Uber In Buffalo, New York? Expect To See Some Changes
Uber is only about a decade old. It tested a beta launch in 2010 in San Francisco before becoming a nationwide luxury brand. But it took a few more years than we’d like to admit before we saw Uber get used in Buffalo.
Listen to Clay & Company, Every Weekday Morning On 106.5 WYRK
Buffalo was one of the last cities to get Uber. At the end of June in 2017, the City of Good Neighbors finally got it, and people were ecstatic.
Now, it’s changing, but it’s changing for the better!
New Feature Added To Uber
There’s this new feature for Uber that allows you to “Record My Ride,” which lets both the driver and the passenger record audio of their ride right on their phones in the event of safety issues.
The feature is optional, but many are using it as an extra means of precaution.
How Does “Record My Ride” Work?
A passenger and a driver can add the safety feature under the app section labeled “Safety Toolkit.” You enable that, and then there should be an option to record your audio, The recording will begin once you press “start.” Either party can begin recording at any time during a ride, but the recording will automatically stop after a trip is completed.
What Happens To The Uber Recording?
The audio files are encrypted, according to Uber, and they are stored on the device of the person who enabled the recording.
According to Uber, “no one can listen to the audio,” including the company, the driver, and/or the rider, while the recording is on a device.
The only time Uber would receive access to this audio file is if an incident is reported and the driver and/or rider submit the recording to be used as a form of evidence.
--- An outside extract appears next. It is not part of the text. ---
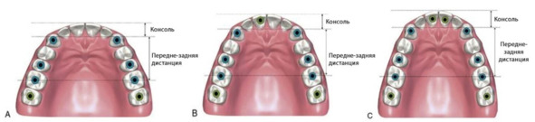 Основное правило гласит: длина дистальной консоли при реставрациях на нескольких имплантатах не должна превышать переднезаднюю дистанцию в 2,5 раза, таким образом, при переднезадней дистанции 10мм консоль, которую мы можем использовать, должна быть не более 25 мм.

Then, it will be reviewed by a safety specialist.
Do Other People Know If You’re Recording?
When a driver enables the recording option, it will send a message to the rider, alerting them that audio may be recorded during their trip.
Will There Be A Video Recording Option?
Eventually, there might be. As of now, there is a video recording feature that allows drivers to record from their front facing cameras, but it is under trial at the time. It sounds like it may be something that becomes an option in the near future!